It’s springtime in Western Montana! Which means it’s the start of the season of hiking, fly fishing, mountain biking, camping, etc. This can be a challenging season to fly fish, however it can also be one of the most fun seasons to fly fish. Springtime is challenging, because the river levels and the river’s clarity vary day-to-day, sometimes hour-to-hour. The warmer temps melt the snow, which then brings more water to the river basins as runoff. This runoff causes the tributary creeks that carry it to flow hard and fast, chiseling away the sediment lining the bank, and carrying it downstream, muddying the main river. Sometimes a warm night in April can cause above average flows that muddy the river the next morning. Flows will continue like this until spring runoff eventually takes place, raising the and muddying all the river systems until the main chunk of snowpack has dwindled.

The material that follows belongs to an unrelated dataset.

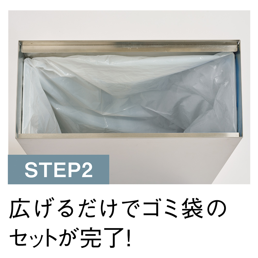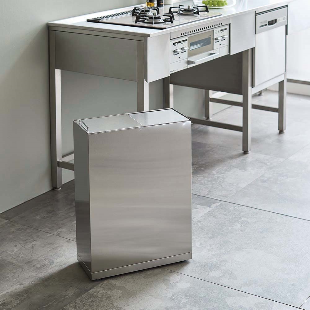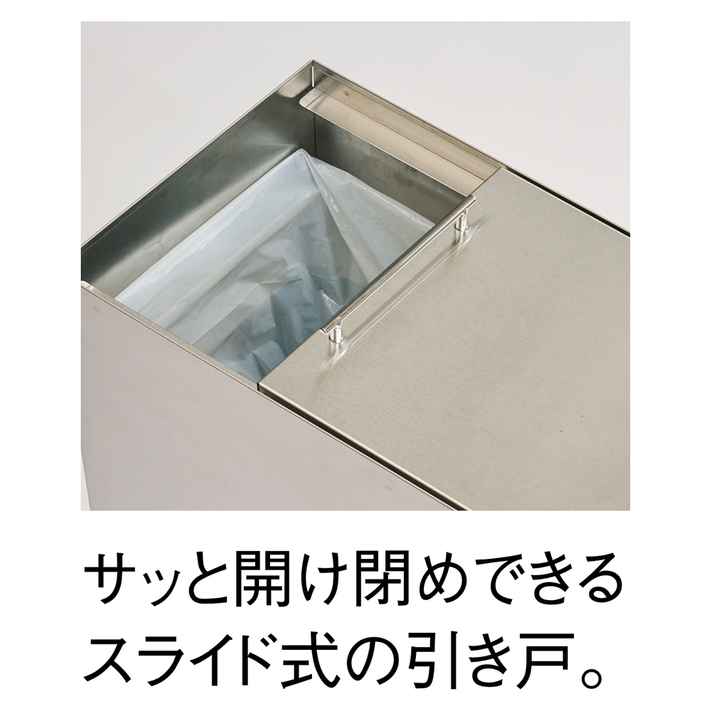 高級感あふれるステンレス製のダストボックス。特殊構造でゴミ袋の交換がラクにできます。ゴミ袋の取り換え作業がラクにできる特殊構造のダストボックス■内部の左右に動く2つのゴミ袋枠の先端の磁石でゴミ袋を止める構造■磁石で止める仕組みなのでゴミ袋の取り出しもセットも簡単です。■片方に袋を3〜4枚セットしておけば、使った後すぐに新しい袋をセットでき便利です。清潔感あふれるステンレス製でスタイリッシュ■ヘアライン調のステンレス素材で高級感があります。■ステンレス素材を用いることで、水跳ね・汚れに強くお手入れのしやすい。■シンプルモダンなデザインで、造り付けの建具とも合わせやすく、統一感のあるキッチンインテリアが叶います。置く場所を選ばないコンパクトサイズ■スリムなサイズでカウンター脇に置いても邪魔になりにくいサイズです。■フタの開閉がスライド式なので縦置きでも横置きでも便利にご使用いただけます。フタは調理中に開けっ放しにできるスライド式■サッと開けしめできるスライド式のフタなので、調理中に開けっ放しにできて効率アップ!キャスター付きで移動もスムーズ■簡単に移動できるので、汚れがちなゴミ箱周りの掃除がラクに。信頼と安心の日本製■国内の職人がひとつずつ丁寧に仕上げました。■細部の丁寧な仕上がりなど、日本製ならではの高品質なダストボックスをお楽しみください。

When you are out on the water in the spring, you will notice the first signs of the season’s mayflies, and even a few caddis. In parts of Western Montana there is a late-winter/ early-spring stonefly called a Skwala, which can hatch in just enough number that the trout notice, and giving the angler the first big dry fly fishing of the spring season. The mayflies hatching this time of year include blue wing olives and larger drakes, oftentimes called March Browns, but could vary in color from grey to brown, and are just a spring mayfly drake, like the summer’s more ubiquitous green drake or mahogany. In the latter part of April and into the first parts of May, the first hatches of caddis flies will start. The first hatches of caddis on any river can be quite intense, oftentimes called windshield wiper hatches—aptly named because there are so many flies in the air that the angler needs to brush them from his or her sunglasses, to be able to see (It’s a bit of an exaggeration, and for those of you who’ve never experienced it, it’s not quite as Hitchcockian as it sounds, but it’s a rare and special thing).

Thankfully Western Montana and the Bitterroot Valley have knowledgeable fly shops to assist the angler in both tackle and advice.